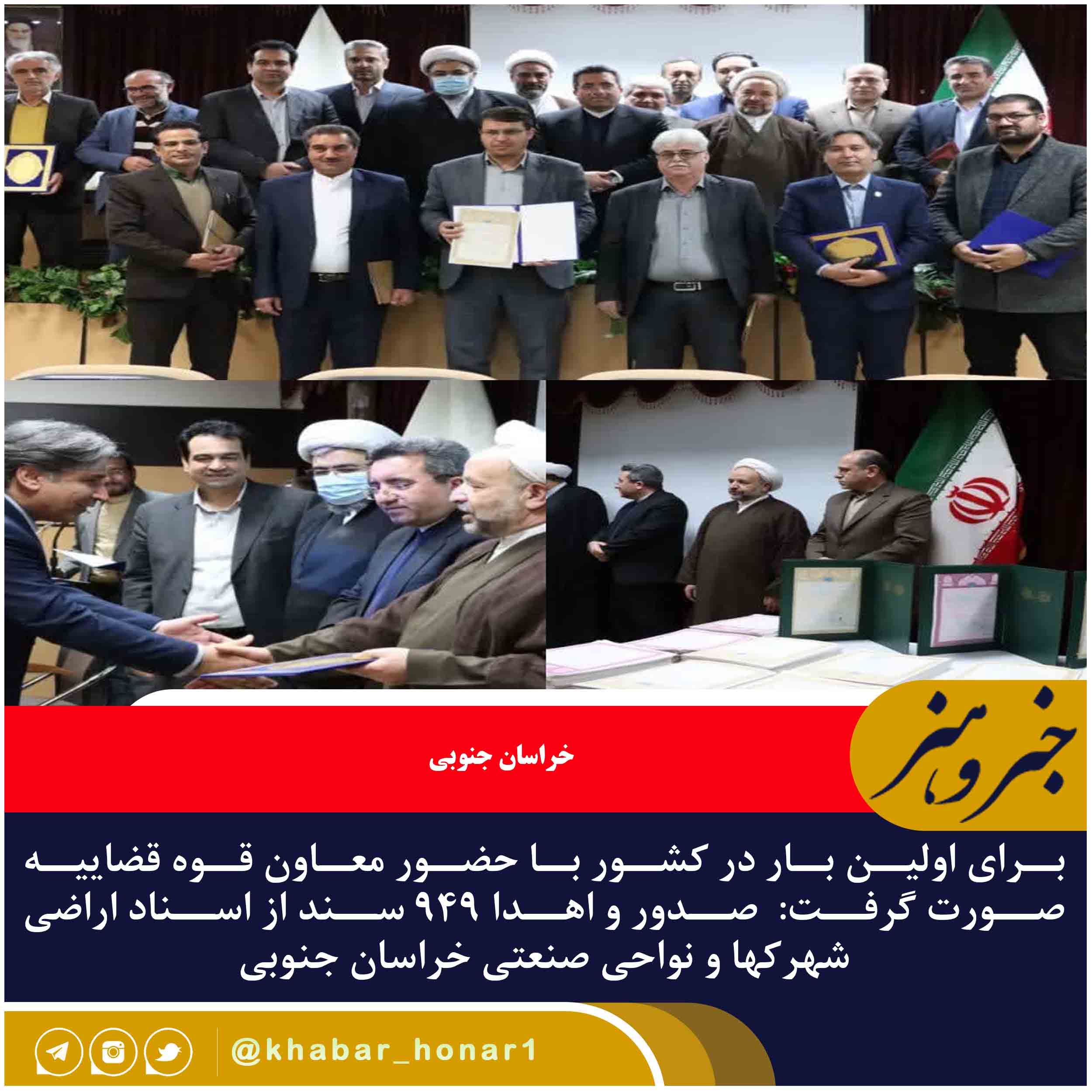 برای اولین بار در کشور مراسم اهدا ۹۴۹ سند از اسناد اراضی شهرک ها و نواحی صنعتی خراسان جنوبی با حضور معاون قوه قضاییه و مقام عالی سازمان ثبت و اسناد کشور ، مدیرعامل شرکت شهرکهای صنعتی خراسان جنوبی و رئیس کل دادگستری استان و جمعی از مدیران ارشد استانی برگزار شد.
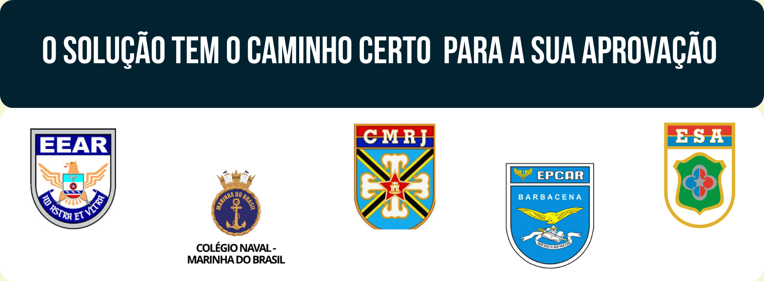Com professores experientes e plano de estudos individualizado, o Solução Aulas Particulares oferece um preparo completo, sério e eficiente, aumentando as chances de aprovação e ajudando o aluno a construir um caminho sólido rumo à carreira militar.
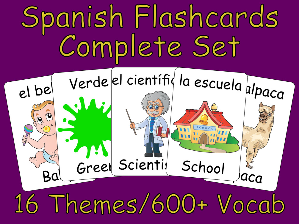 Discover the joy of learning Spanish with our comprehensive set of Spanish Flashcards. Our complete set includes 600+ flashcards that cover 16 engaging themes, such as animals, foods, numbers, countries, family, school, transportation, shapes, colors, dinosaurs, jobs, body parts, clothes, weather, sports, and feelings.
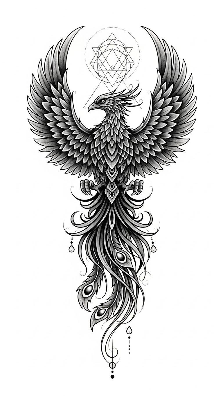 Embracing this design as a tattoo conveys transformation, resilience, and a carefully ordered rebirth through the phoenix’s flowing lines and interlocking geometric motifs; place it along the upper back or wrapping from shoulder to chest to allow the wings and patterns to follow natural musculature, or scale it down for an inner forearm or calf for a personal reminder of renewal.
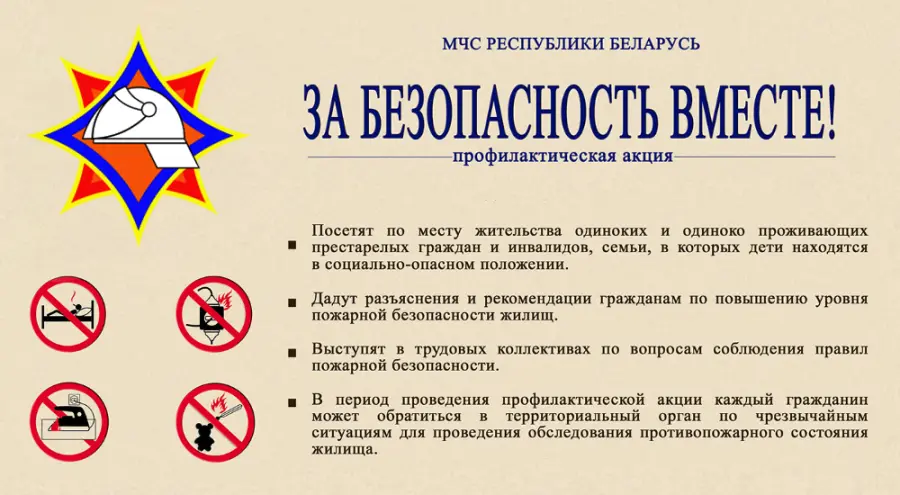 В целях повышения уровня безопасности населения Министерством по чрезвычайным ситуациям в период с 2 марта по 18 марта организовано проведение республиканской пожарно-профилактической акции по предупреждению пожаров и гибели людей от них в жилищном фонде в осенне-зимний период «За безопасность вместе».
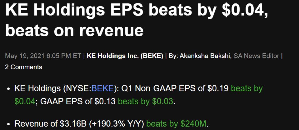 美股盘后今早,贝壳发布21年一季度财报,股价微涨1%。
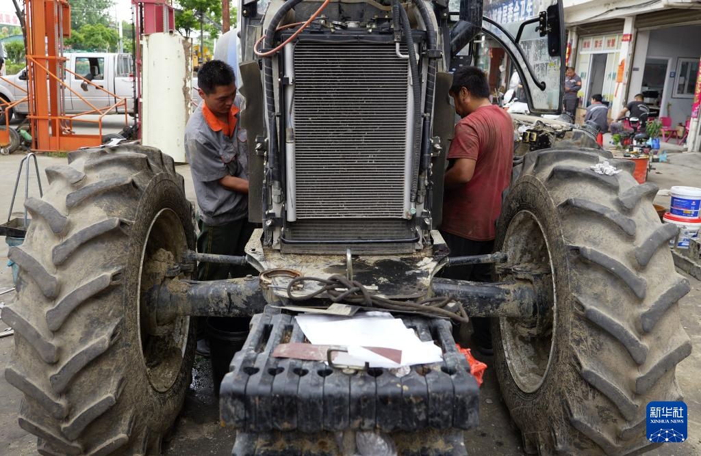 5月27日,工作人员在河南省邓州市一家农机维修点修理农机。

Task prompt:
When a picture appears among the entries, skip it; transcribe everything else exactly.

Solution for this problem:
 برای اولین بار در کشور مراسم اهدا ۹۴۹ سند از اسناد اراضی شهرک ها و نواحی صنعتی خراسان جنوبی با حضور معاون قوه قضاییه و مقام عالی سازمان ثبت و اسناد کشور ، مدیرعامل شرکت شهرکهای صنعتی خراسان جنوبی و رئیس کل دادگستری استان و جمعی از مدیران ارشد استانی برگزار شد.
Com professores experientes e plano de estudos individualizado, o Solução Aulas Particulares oferece um preparo completo, sério e eficiente, aumentando as chances de aprovação e ajudando o aluno a construir um caminho sólido rumo à carreira militar.
 Discover the joy of learning Spanish with our comprehensive set of Spanish Flashcards. Our complete set includes 600+ flashcards that cover 16 engaging themes, such as animals, foods, numbers, countries, family, school, transportation, shapes, colors, dinosaurs, jobs, body parts, clothes, weather, sports, and feelings.
 Embracing this design as a tattoo conveys transformation, resilience, and a carefully ordered rebirth through the phoenix’s flowing lines and interlocking geometric motifs; place it along the upper back or wrapping from shoulder to chest to allow the wings and patterns to follow natural musculature, or scale it down for an inner forearm or calf for a personal reminder of renewal.
 В целях повышения уровня безопасности населения Министерством по чрезвычайным ситуациям в период с 2 марта по 18 марта организовано проведение республиканской пожарно-профилактической акции по предупреждению пожаров и гибели людей от них в жилищном фонде в осенне-зимний период «За безопасность вместе».
 美股盘后今早,贝壳发布21年一季度财报,股价微涨1%。
 5月27日,工作人员在河南省邓州市一家农机维修点修理农机。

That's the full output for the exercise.